Доступно с лицензией Aviation Charting.
Сводка
Creates obstruction identification surfaces (OIS) based on the FAA Part 77 specification. This regulation establishes standards and notification requirements for objects affecting navigable airspace. The type, function, and dimension of a surface differ by its runway classification. This tool creates surfaces as a polygon or multipatch features.
Использование
Параметр Входные объекты взлетно-посадочной полосы должен поддерживать z-значения.
The selections you make in High Runway Designator Classification and Low Runway Designator Classification parameters will automatically populate most of the surface parameters.
This tool creates the OIS in an existing polygon or multipatch feature class. It can also be generated in an existing polygon shapefile. If a feature class is selected for Target OIS Features, it must have a vertical spatial reference.

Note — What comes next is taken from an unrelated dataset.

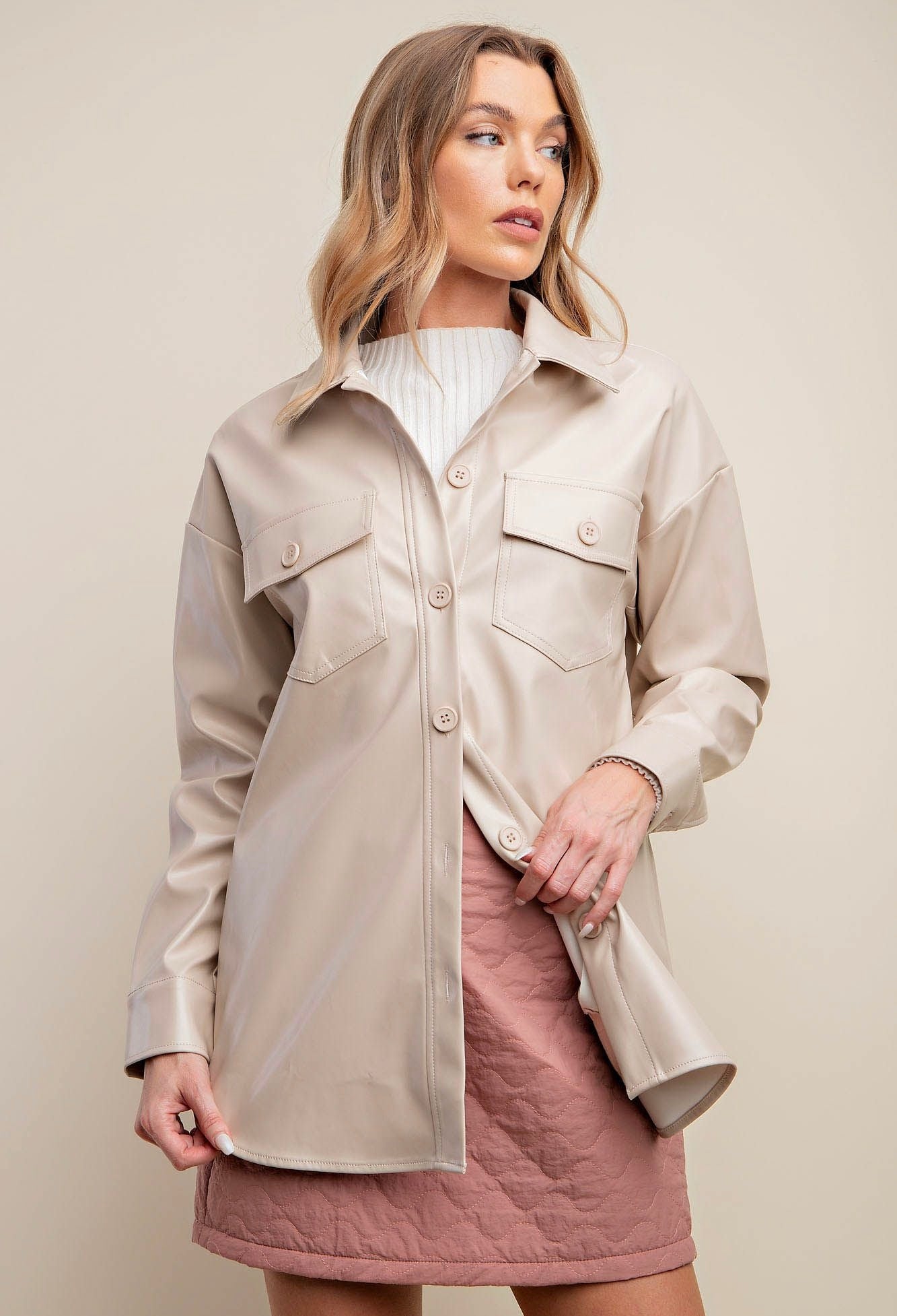 Get ready to turn heads with our Loose Fit Faux Leather Button Up Shirt. This shirt combines the edgy look of faux leather with a comfortable loose fit that will make you feel confident and stylish. Perfect for making a statement without sacrificing comfort.

For military airports, the outer horizontal surface is merged as well as the horizontal and conical surfaces.
To create a JSON file for Custom JSON File, use the CustomizeOIS.exe file that is part of the ArcGIS Aviation data package available from My Esri.

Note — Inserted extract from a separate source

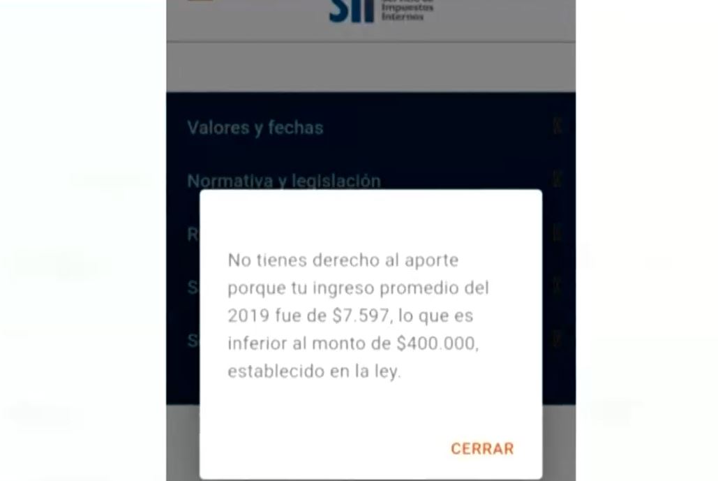 Lee también: Bono $500 mil: El sistema del SII para que trabajadores puedan corregir ingresos de julioPero no es la única persona ni el único problema. Roberto Godoy tiene 60 años, lleva cinco meses con el contrato suspendido y en junio pasado la AFC le pagó $225 mil. Postuló al Ingreso Familiar de Emergencia, pero fue rechazado ya que los ingresos formales de su hogar superan el umbral para poder acceder al beneficio. Es por eso que decidió optar por el bono para la clase media, pero hubo otra sorpresa.

The Airport Elevation parameter has a default value of 0. If you use an elevation value greater than 0, it takes precedence and overrides any existing airport elevation value read from the Input Airport Control Point Feature parameter.
The Input Airport Control Point Feature parameter can be used to supply x-, y-, and z-geometry for an Airport Elevation parameter, displaced threshold point features, or both. If displaced threshold points are included, surfaces will be constructed based on their x-, y-, and z-geometry instead of their corresponding Input Runway Feature parameter endpoint.
OIS tools are flexible and accept a variety of input and output feature class types. For more information, see the OIS Input and Output schemas.
The horizontal surface generated by this tool will be continuous across the multipatch feature.
Прежние версии:
In ArcGIS Pro 2.6.x and earlier versions, the horizontal surface generated by this tool will be cut by the transitional or approach surfaces.
Синтаксис
arcpy.aviation.FAAFAR77(in_features, target, high_runway_end_type, low_runway_end_type, {specially_prepared_hard_surface_runway}, {highend_clear_way_length}, {lowend_clear_way_length}, {airport_elevation}, {include_merged_surface}, {custom_json_file}, {airport_control_point_feature_class})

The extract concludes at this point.